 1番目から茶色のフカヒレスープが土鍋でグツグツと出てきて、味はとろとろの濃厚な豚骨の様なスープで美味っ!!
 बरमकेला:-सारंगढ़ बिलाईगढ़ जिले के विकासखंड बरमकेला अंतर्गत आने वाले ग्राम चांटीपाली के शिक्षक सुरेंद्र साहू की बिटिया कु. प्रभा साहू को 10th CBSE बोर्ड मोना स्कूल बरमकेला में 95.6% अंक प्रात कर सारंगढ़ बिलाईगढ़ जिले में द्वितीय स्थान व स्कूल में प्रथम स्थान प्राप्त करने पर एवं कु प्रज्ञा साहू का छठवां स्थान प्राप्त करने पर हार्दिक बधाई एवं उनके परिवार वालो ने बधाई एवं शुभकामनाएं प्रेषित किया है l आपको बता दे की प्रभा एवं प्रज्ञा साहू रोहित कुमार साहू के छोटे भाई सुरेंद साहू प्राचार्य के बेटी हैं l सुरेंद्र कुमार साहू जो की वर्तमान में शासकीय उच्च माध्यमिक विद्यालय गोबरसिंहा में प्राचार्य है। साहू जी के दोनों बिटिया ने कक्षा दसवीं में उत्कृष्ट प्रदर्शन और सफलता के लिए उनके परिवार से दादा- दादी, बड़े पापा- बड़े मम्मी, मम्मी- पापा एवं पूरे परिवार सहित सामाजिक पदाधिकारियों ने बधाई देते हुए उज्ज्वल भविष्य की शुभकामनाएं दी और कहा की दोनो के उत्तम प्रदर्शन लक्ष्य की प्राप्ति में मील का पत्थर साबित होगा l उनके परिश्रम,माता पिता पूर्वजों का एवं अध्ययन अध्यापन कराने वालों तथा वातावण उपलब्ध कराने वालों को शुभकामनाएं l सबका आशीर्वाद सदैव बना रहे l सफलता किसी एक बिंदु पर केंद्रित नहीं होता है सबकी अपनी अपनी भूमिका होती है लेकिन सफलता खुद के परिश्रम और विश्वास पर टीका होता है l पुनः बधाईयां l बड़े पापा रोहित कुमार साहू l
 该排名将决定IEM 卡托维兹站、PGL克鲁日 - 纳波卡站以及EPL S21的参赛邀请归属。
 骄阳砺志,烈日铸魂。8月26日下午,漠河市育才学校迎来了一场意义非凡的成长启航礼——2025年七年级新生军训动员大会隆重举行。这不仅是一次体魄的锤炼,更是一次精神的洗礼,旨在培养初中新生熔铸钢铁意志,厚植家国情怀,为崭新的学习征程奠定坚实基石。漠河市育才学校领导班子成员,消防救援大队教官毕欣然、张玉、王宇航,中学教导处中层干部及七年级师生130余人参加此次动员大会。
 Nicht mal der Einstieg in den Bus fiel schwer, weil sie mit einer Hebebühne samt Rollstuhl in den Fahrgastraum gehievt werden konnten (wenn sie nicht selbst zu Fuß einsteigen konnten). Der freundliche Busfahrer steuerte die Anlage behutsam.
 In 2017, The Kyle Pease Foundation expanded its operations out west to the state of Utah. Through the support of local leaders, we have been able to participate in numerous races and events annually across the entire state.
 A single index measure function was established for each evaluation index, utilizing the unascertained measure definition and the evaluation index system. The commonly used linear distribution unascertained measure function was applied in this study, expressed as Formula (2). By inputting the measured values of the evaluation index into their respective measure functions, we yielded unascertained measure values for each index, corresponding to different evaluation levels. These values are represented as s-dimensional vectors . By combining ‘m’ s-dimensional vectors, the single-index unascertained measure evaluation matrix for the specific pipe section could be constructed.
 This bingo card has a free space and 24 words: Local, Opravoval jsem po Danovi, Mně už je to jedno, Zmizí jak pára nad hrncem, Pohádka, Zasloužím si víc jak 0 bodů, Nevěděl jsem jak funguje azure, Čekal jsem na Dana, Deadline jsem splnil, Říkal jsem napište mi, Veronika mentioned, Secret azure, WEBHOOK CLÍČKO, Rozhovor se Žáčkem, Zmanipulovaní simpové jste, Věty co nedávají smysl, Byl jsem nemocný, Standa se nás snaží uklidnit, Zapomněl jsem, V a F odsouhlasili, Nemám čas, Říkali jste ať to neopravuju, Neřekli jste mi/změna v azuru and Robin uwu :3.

·····

== WHAT THE TASK ASKS ==
Line by line, give the material above again exactly.

== RESPONSE ==
 1番目から茶色のフカヒレスープが土鍋でグツグツと出てきて、味はとろとろの濃厚な豚骨の様なスープで美味っ!!
 बरमकेला:-सारंगढ़ बिलाईगढ़ जिले के विकासखंड बरमकेला अंतर्गत आने वाले ग्राम चांटीपाली के शिक्षक सुरेंद्र साहू की बिटिया कु. प्रभा साहू को 10th CBSE बोर्ड मोना स्कूल बरमकेला में 95.6% अंक प्रात कर सारंगढ़ बिलाईगढ़ जिले में द्वितीय स्थान व स्कूल में प्रथम स्थान प्राप्त करने पर एवं कु प्रज्ञा साहू का छठवां स्थान प्राप्त करने पर हार्दिक बधाई एवं उनके परिवार वालो ने बधाई एवं शुभकामनाएं प्रेषित किया है l आपको बता दे की प्रभा एवं प्रज्ञा साहू रोहित कुमार साहू के छोटे भाई सुरेंद साहू प्राचार्य के बेटी हैं l सुरेंद्र कुमार साहू जो की वर्तमान में शासकीय उच्च माध्यमिक विद्यालय गोबरसिंहा में प्राचार्य है। साहू जी के दोनों बिटिया ने कक्षा दसवीं में उत्कृष्ट प्रदर्शन और सफलता के लिए उनके परिवार से दादा- दादी, बड़े पापा- बड़े मम्मी, मम्मी- पापा एवं पूरे परिवार सहित सामाजिक पदाधिकारियों ने बधाई देते हुए उज्ज्वल भविष्य की शुभकामनाएं दी और कहा की दोनो के उत्तम प्रदर्शन लक्ष्य की प्राप्ति में मील का पत्थर साबित होगा l उनके परिश्रम,माता पिता पूर्वजों का एवं अध्ययन अध्यापन कराने वालों तथा वातावण उपलब्ध कराने वालों को शुभकामनाएं l सबका आशीर्वाद सदैव बना रहे l सफलता किसी एक बिंदु पर केंद्रित नहीं होता है सबकी अपनी अपनी भूमिका होती है लेकिन सफलता खुद के परिश्रम और विश्वास पर टीका होता है l पुनः बधाईयां l बड़े पापा रोहित कुमार साहू l
 该排名将决定IEM 卡托维兹站、PGL克鲁日 - 纳波卡站以及EPL S21的参赛邀请归属。
 骄阳砺志,烈日铸魂。8月26日下午,漠河市育才学校迎来了一场意义非凡的成长启航礼——2025年七年级新生军训动员大会隆重举行。这不仅是一次体魄的锤炼,更是一次精神的洗礼,旨在培养初中新生熔铸钢铁意志,厚植家国情怀,为崭新的学习征程奠定坚实基石。漠河市育才学校领导班子成员,消防救援大队教官毕欣然、张玉、王宇航,中学教导处中层干部及七年级师生130余人参加此次动员大会。
 Nicht mal der Einstieg in den Bus fiel schwer, weil sie mit einer Hebebühne samt Rollstuhl in den Fahrgastraum gehievt werden konnten (wenn sie nicht selbst zu Fuß einsteigen konnten). Der freundliche Busfahrer steuerte die Anlage behutsam.
 In 2017, The Kyle Pease Foundation expanded its operations out west to the state of Utah. Through the support of local leaders, we have been able to participate in numerous races and events annually across the entire state.
 A single index measure function was established for each evaluation index, utilizing the unascertained measure definition and the evaluation index system. The commonly used linear distribution unascertained measure function was applied in this study, expressed as Formula (2). By inputting the measured values of the evaluation index into their respective measure functions, we yielded unascertained measure values for each index, corresponding to different evaluation levels. These values are represented as s-dimensional vectors . By combining ‘m’ s-dimensional vectors, the single-index unascertained measure evaluation matrix for the specific pipe section could be constructed.
 This bingo card has a free space and 24 words: Local, Opravoval jsem po Danovi, Mně už je to jedno, Zmizí jak pára nad hrncem, Pohádka, Zasloužím si víc jak 0 bodů, Nevěděl jsem jak funguje azure, Čekal jsem na Dana, Deadline jsem splnil, Říkal jsem napište mi, Veronika mentioned, Secret azure, WEBHOOK CLÍČKO, Rozhovor se Žáčkem, Zmanipulovaní simpové jste, Věty co nedávají smysl, Byl jsem nemocný, Standa se nás snaží uklidnit, Zapomněl jsem, V a F odsouhlasili, Nemám čas, Říkali jste ať to neopravuju, Neřekli jste mi/změna v azuru and Robin uwu :3.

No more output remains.